RETAILERS
HBCo / Louther Meyer's Grist Mill
Early on, Hudson's Bay Company employees at Fort Colvile located a flour grist mill at the falls pictured above on the Colville River. The historic location is approximately two miles shy where that river tributaries into the Columbia River just below the Shokwitnu (anglicized: Kettle Falls). The site of this first interior flour grist mill is at the southerly fringe of the present city of Kettle Falls, approximately three miles from Fort Colvile's historic site. These falls have retained the geographic name of Meyers Falls.
Louther Meyers purchased these grist mill operations about 1869--some time after HBCo had moved its operations north of the new international border into Canada.
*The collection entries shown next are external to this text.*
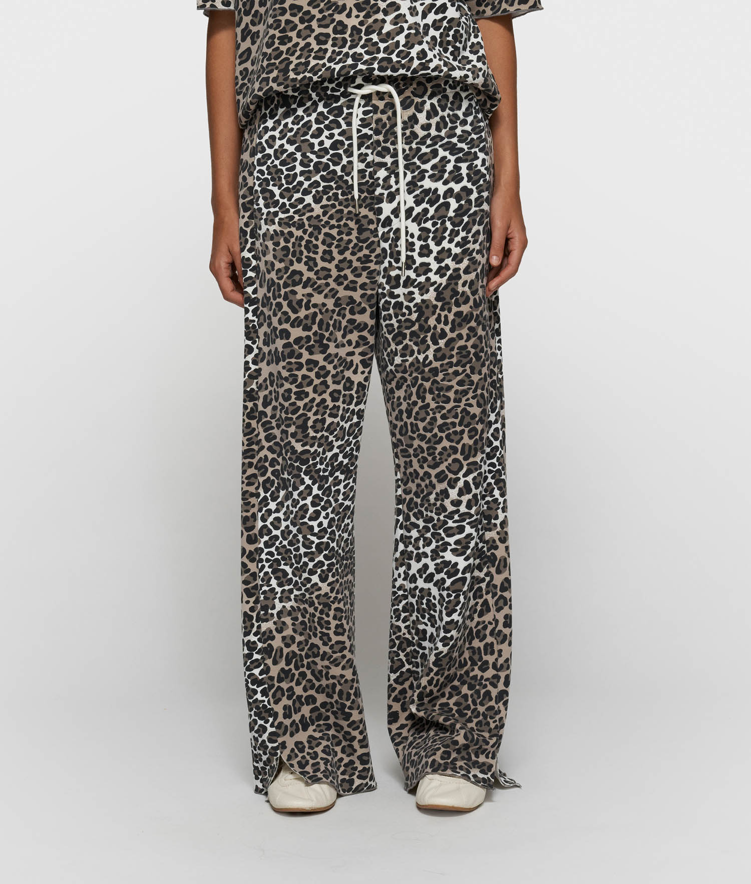 Ecru soft scuba pants leopard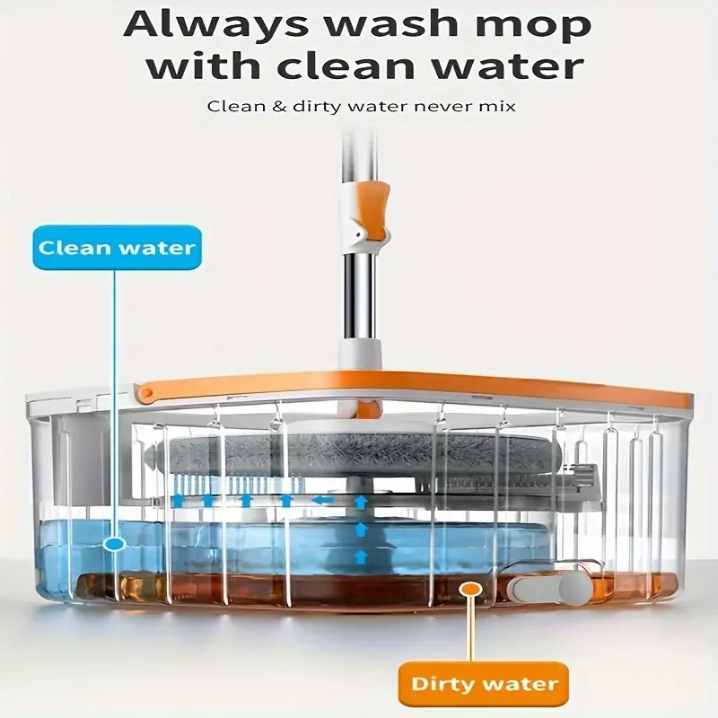 1 Set, Sewage Separation Hands-free Wash Mop And Bucket Set, With 2 Mop Cloth, Household Rotating Floor Mop, Lazy Mop, Dust Removal Mop, Dry And Wet Use, Perfect For Home, Kitchen, Bathroom Floor, Cle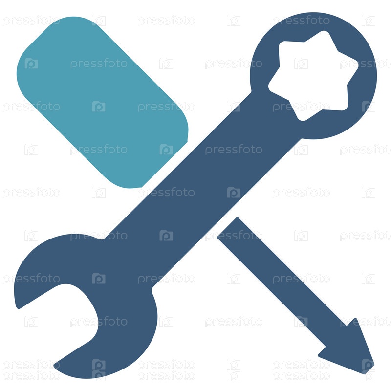 Значок инструменты иллюстрации. Стиль является биколор плоский символ, голубой и синий цвета, закругленные углы, белый фон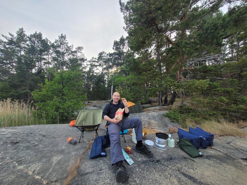 And so began our first lazy, lovely evening of wild camping in the archipelago. We pitched the tent and set about exploring the provisions.

He also owned and operated a trading post and saw mill near by. A fledgling pioneer hamlet grew up about his retail operations there named, "Meyers Falls".
Ref.: "The Late, Great Meyers Falls:: The Annexation of Meyers Falls", by Eryn Baumgart.,
on-line access: <https://www.Spokane Historical.org> November 11, 2021
Marcus Oppenheimer's Store
About 1862, US American-Jewish retail merchant Marcus Oppenheimer came up from Walla Walla, W.T., and located a store in one of the above emptied cabins to supply gold prospectors. These barrack cabins had been vacated the previous year by the Royal British Boundary Commission's survey brigade which had been constructed just a couple miles to the north of Fort Colvile.
The southerly trail to the HBCo fort may be seen over the cabin rooftops in the photograph's left background as can the flowing Columbia River in the mid-right. As there was no longer a fort mail stop after HBCo's move to Fort Steele just north of the international border, mail was left at Marcus' store. The mail stop thus assumed his first name as did the town hamlet to which these cabins gave birth.